Everything in the records below except the pictures must be written out exactly.

________________________________________

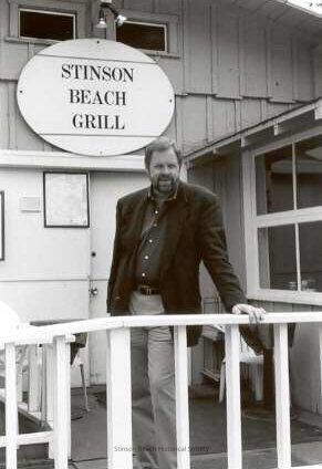 B&W photo of Tom Horton standing on the deck outside the Stinson Beach Grill. His wearing a dark open-neck shirt and sport coat with tan slacks. His left arm is resting casually on the wooden railing of the ramp/stairs leading up to the entrance of the restaurant. Beside the (closed) front door is posted a framed menu. Over the door is a white oval sign with STINSON BEACH GRILL written vertically in black letters. Twin spotlights shine down on it. There is a window into the restaurant on the right side.Collection
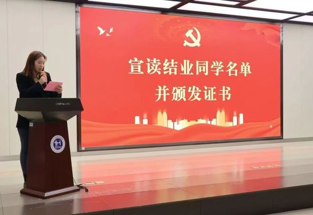 典礼进入表彰与鼓励环节,365英国上市网党总支副书记刘卫卫、周建光老师分别宣读了结业学员名单与优秀学员名单,并依次为学员们颁发证书。这不仅是对学员们过去三周努力学习成果的正式认可与嘉奖,更是一种激励与鞭策,旨在鼓励全体学员以先进为榜样,在未来的学习与实践中持续精进、勇当先锋。
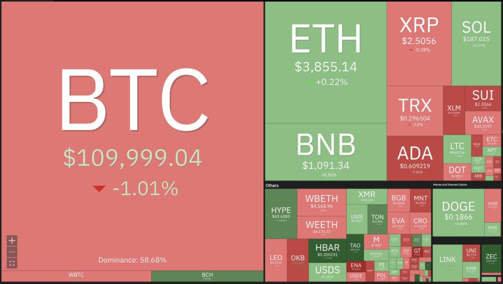 BTCが 約109,999ドルで -1.01% の下落を示しており、マクロ経済や利益確定売りが影響している可能性があります。
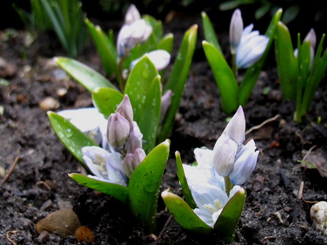 Bei mir haben die Puschkinien das Blühen angefangen. Scilla und Chionodoxa stehen in den Startlöchern.
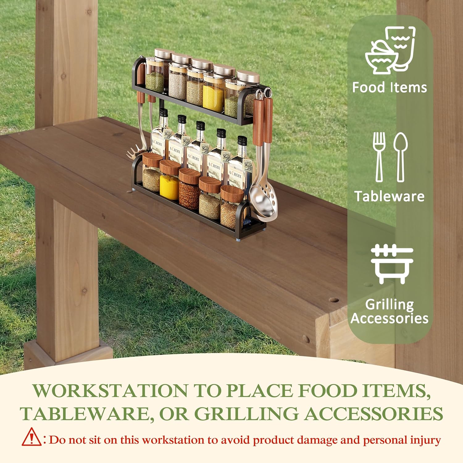 • Spacious BBQ Gazebo-The total dimensions of the BBQ gazebo are 102.5 "L x 64.9 "W x 86.8 "H; compared to a regular gazebo, this BBQ gazebo has a more spacious shaded area and more room to enjoy BBQ time. Please notice do not sit on this workstation to avoid product damage and personal injury.
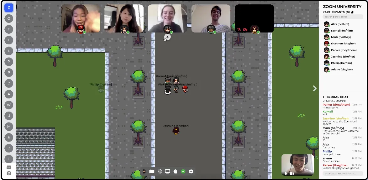 レトロゲーム風の遊び心のあるUIが特徴のオンラインコミュニケーションツールです.自分のアバターを操作して部屋を自在に行き来することができ,出勤やオフィスでの勤務を仮想的に体験することができます.バーチャルオフィスという実際のオフィスの環境をネット上に作るサービスの一つです.
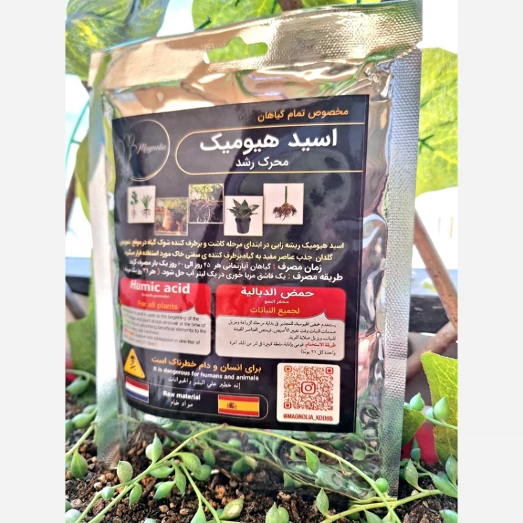 هیومیک اسید از مواد آلی تجزیهشده طبیعی بهدست میآید و سرشار از اسیدهای هیومیک و فولویک است. این ترکیبات باعث افزایش ظرفیت نگهداری آب و عناصر غذایی در خاک شده و دسترسی ریشه گیاه به مواد مورد نیاز را آسانتر میکنند.

________________________________________

## Finished exercise
 B&W photo of Tom Horton standing on the deck outside the Stinson Beach Grill. His wearing a dark open-neck shirt and sport coat with tan slacks. His left arm is resting casually on the wooden railing of the ramp/stairs leading up to the entrance of the restaurant. Beside the (closed) front door is posted a framed menu. Over the door is a white oval sign with STINSON BEACH GRILL written vertically in black letters. Twin spotlights shine down on it. There is a window into the restaurant on the right side.Collection
 典礼进入表彰与鼓励环节,365英国上市网党总支副书记刘卫卫、周建光老师分别宣读了结业学员名单与优秀学员名单,并依次为学员们颁发证书。这不仅是对学员们过去三周努力学习成果的正式认可与嘉奖,更是一种激励与鞭策,旨在鼓励全体学员以先进为榜样,在未来的学习与实践中持续精进、勇当先锋。
 BTCが 約109,999ドルで -1.01% の下落を示しており、マクロ経済や利益確定売りが影響している可能性があります。
 Bei mir haben die Puschkinien das Blühen angefangen. Scilla und Chionodoxa stehen in den Startlöchern.
 • Spacious BBQ Gazebo-The total dimensions of the BBQ gazebo are 102.5 "L x 64.9 "W x 86.8 "H; compared to a regular gazebo, this BBQ gazebo has a more spacious shaded area and more room to enjoy BBQ time. Please notice do not sit on this workstation to avoid product damage and personal injury.
 レトロゲーム風の遊び心のあるUIが特徴のオンラインコミュニケーションツールです.自分のアバターを操作して部屋を自在に行き来することができ,出勤やオフィスでの勤務を仮想的に体験することができます.バーチャルオフィスという実際のオフィスの環境をネット上に作るサービスの一つです.
 هیومیک اسید از مواد آلی تجزیهشده طبیعی بهدست میآید و سرشار از اسیدهای هیومیک و فولویک است. این ترکیبات باعث افزایش ظرفیت نگهداری آب و عناصر غذایی در خاک شده و دسترسی ریشه گیاه به مواد مورد نیاز را آسانتر میکنند.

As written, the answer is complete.